There are already many good thoughts mentioned here. But one is missing. Flexible Arrays are part of C99 and thus aren't part of C++, although some C++ compiler may provide this functionality there is no guarantee for that. If you find a way to use them in C++ in an acceptable way, but you have a compiler that doesn't support it, you perhaps can fallback to the "classical" way

quinmars
+1  A: 

You probably want something lighter than a vector for high performances. You also want to be very specific about the size of your packet to be cross-platform. But you don't want to bother about memory leaks either.
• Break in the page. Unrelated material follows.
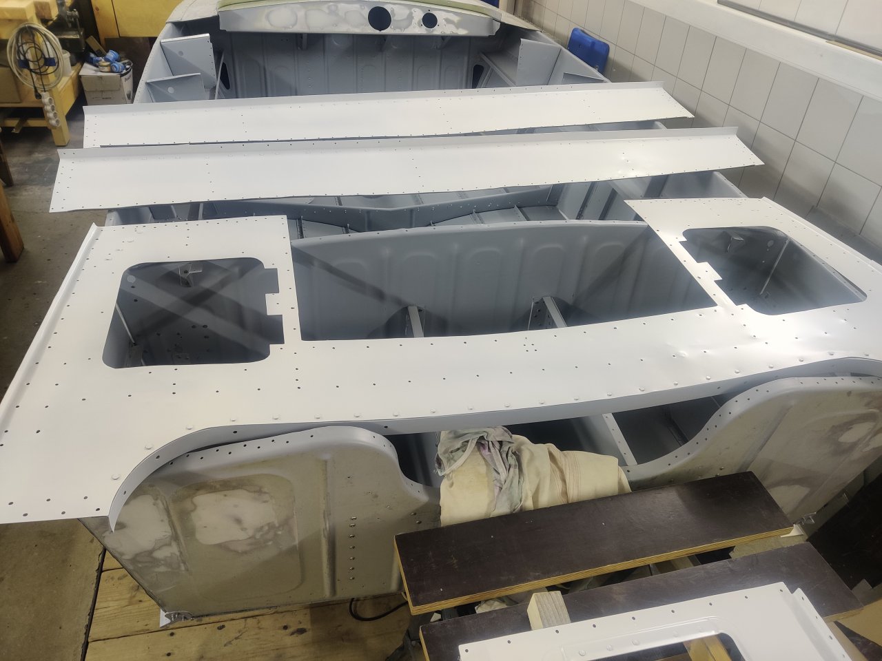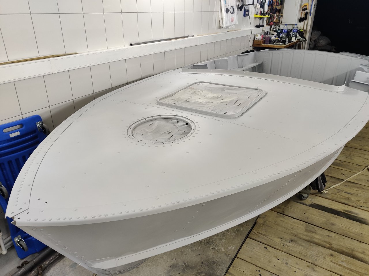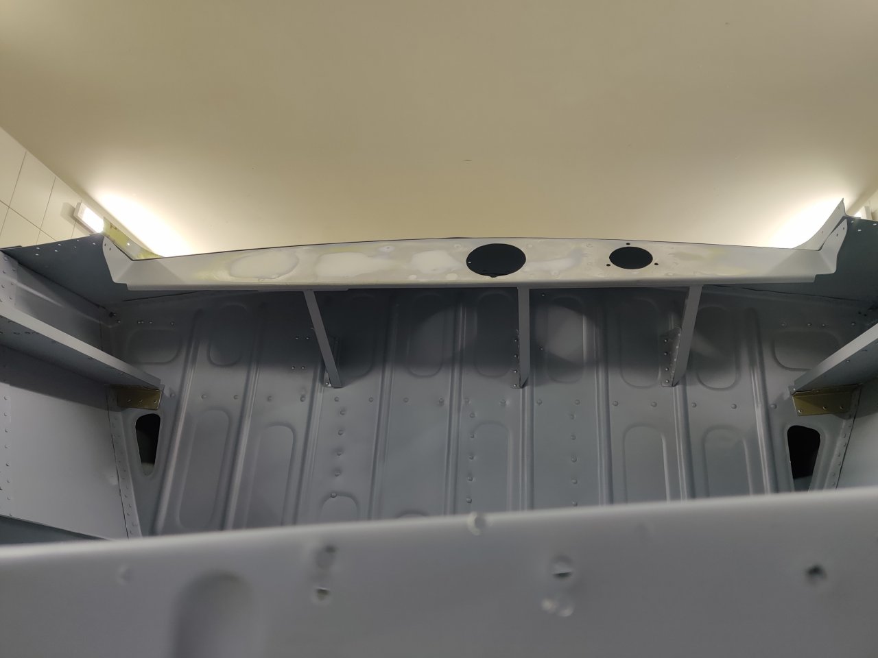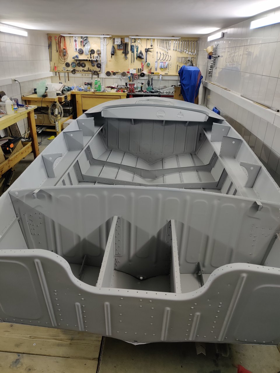 Чуток поработали. Косынки и кронштейны на местах, окрашены предсборки и элемены изнутри. ЭП шпаклся классно держится, на фото видно, как заклёпки вогнаны в нее, но слой очень тонкий. Краска Polimer Marine, ,ПУ, она матовая на их же ЭП грунте.

Fortunately the boost library did most of the hard part:

struct packet
{
   boost::uint32_t _size;
   boost::scoped_array<unsigned char> _data;

   packet() : _size(0) {}

       explicit packet(packet boost::uint32_t s) : _size(s), _data(new unsigned char [s]) {}

   explicit packet(const void * const d, boost::uint32_t s) : _size(s), _data(new unsigned char [s])
   {
  std::memcpy(_data, static_cast<const unsigned char * const>(d), _size);
   }
};

typedef boost::shared_ptr<packet> packet_ptr;

packet_ptr build_packet(const void const * data, boost::uint32_t s)
{

 return packet_ptr(new packet(data, s));
}
Edouard A.
How is that lighter than std::vector? You've used more memory and put an extra level of indirection into it.
Jimmy J
No exceptions. No validation. You are certain that the memory you have is the memory actually allocated (vector may reserve more). The packet structure can evolve. Not vector. Which means you'd have to put a vector into the message in the end...
Edouard A.
+1  A: 

You can use the "C" method if you want but for safety make it so the compiler won't try to copy it:

struct Packet
{
    unsigned int bytelength;
    unsigned int data[];

private:
   // Will cause compiler error if you misuse this struct
   void Packet(const Packet&);
   void operator=(const Packet&);
};
Jimmy J
A: 

There's nothing whatsoever wrong with using vector for arrays of unknown size that will be fixed after initialization. IMHO, that's exactly what vectors are for. Once you have it initialized, you can pretend the thing is an array, and it should behave the same (including time behavior).

T.E.D.